Python function to scrape data from the rightmove.co.uk property website, and save the results in a formatted CSV file for analysis.
This project originated when my sister was considering moving to London from Beijing and asked me how much she could expect to pay in rent for a 1-bedroom flat. I was about to say how much I currently pay and offer some baseless conjecture as to what I thought was roughly average, but I decided to try and find some hard data instead. After googling and coming up with some aggregate stats but no raw data, I wondered if I could turn this into a learning project to gain some new Python skills. I also happen to work in the property sector, and my company posts property listing on the rightmove.co.uk website, so I thought I could also tie it into my job by analysing the listings posted on that website.

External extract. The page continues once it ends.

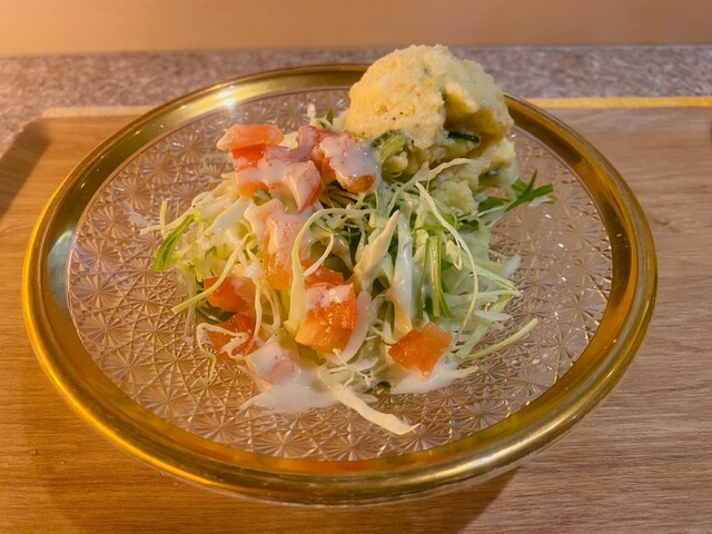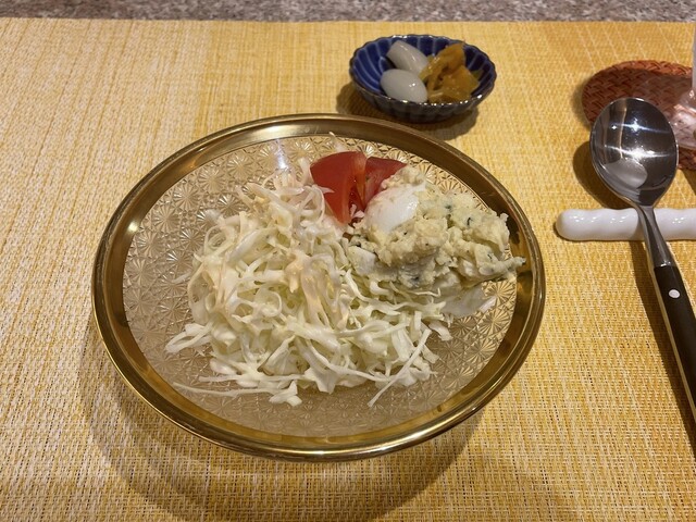 小雨が降って肌寒かったのでこのメニューにしました。生野菜とポテトサラダの盛り合わせ・選らんだ小鉢:チンジャオロース・ご飯が付いて来ます。鉄鍋に入って熱々の「鶏鍋」は暖まりますし,良いお出汁で最後...

The function I have written uses the lxml and requests libraries to scrape data from the website. The steps to use the function are:
- Go to rightmove.co.uk and perform whatever search you are interested in. For my purposes to answer my sister's question I have been searching for all rental residential properties in London.
- After pressing search on the website you'll be shown the first page of matching results. Now copy and paste the full long URL from this page and set it as the first argument in the function.

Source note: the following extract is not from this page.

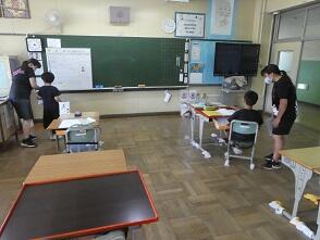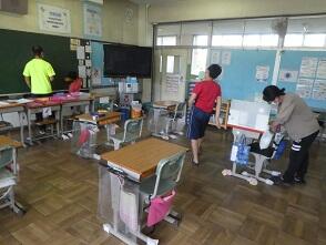 職員が児童の机を拭きます 一人ずつ隣の部屋に取りに行きます

- For the function's second argument pass a string value of either 'rent' or 'buy', reflecting whatever it is you searched for.
- Run the function and when finished it will output a time-stamped CSV file with all the results in columns showing:
- price
- type (i.e. studio, 1-bed, flatshare, etc.)
- address
- url of individual property listing
- postcode
- number_bedrooms
- search date
The 'postcode' and 'number_bedrooms' columns are extracted from the 'address' and 'type' columns respectively using regular expressions, where possible, so will probably not be complete for every record.
- function_with_instructions.ipynb The function itself with explanation, example use, and error checking options.
- rightmove_results_2016_10_07 17 00 01.csv Results from the example in the function workbook.
- analysis.ipynb Example analysis of results pulled from a search of London rental properties added over a 24 hour period, using the pandas package. I use an additional resource of all London postcodes to identify the London borough of each property listing (where possible from the postcode), and then summarise the results for 1-bedroom properties by borough; thus answering my sister's question!
- london_postcodes.csv File of all London Postcodes which is used in the analysis workbook.
- london_data_script.py Example of a full scipt that can be run from the terminal, which will scrape all London properties added to rent or buy in the past 24 hours.
- london_buy.csv Example output from the script of London properties to buy.
- london_rent.csv Example output from the script of London properties to rent.
- <a href 'https://github.com/woblers/right_move_web_scraper/blob/master/html.txt'>html.txt Example output of the full html file from the error checking code.
I have some ideas to use this code and develop the project further, time permitting, including:
- Schedule a script to run every night collecting all new listings added that day, and upload them to a simple mysql database. This would allow for analysis of long-term property trends, and the data could be used by developers to identify hotspot areas, or by purchasers to find value in the market.
- Write an additional script to create alerts when new properties are added meeting a specified criteria.
- When collecting the results, iterate through each individual url to try to find longitude and latitude coordinates for each listing. This would take more time to run, but would be worth it to create maps visualising property prices and trends, e.g. using folium.
- Write scripts/functions for alternative property listing websites to aggregate more market data.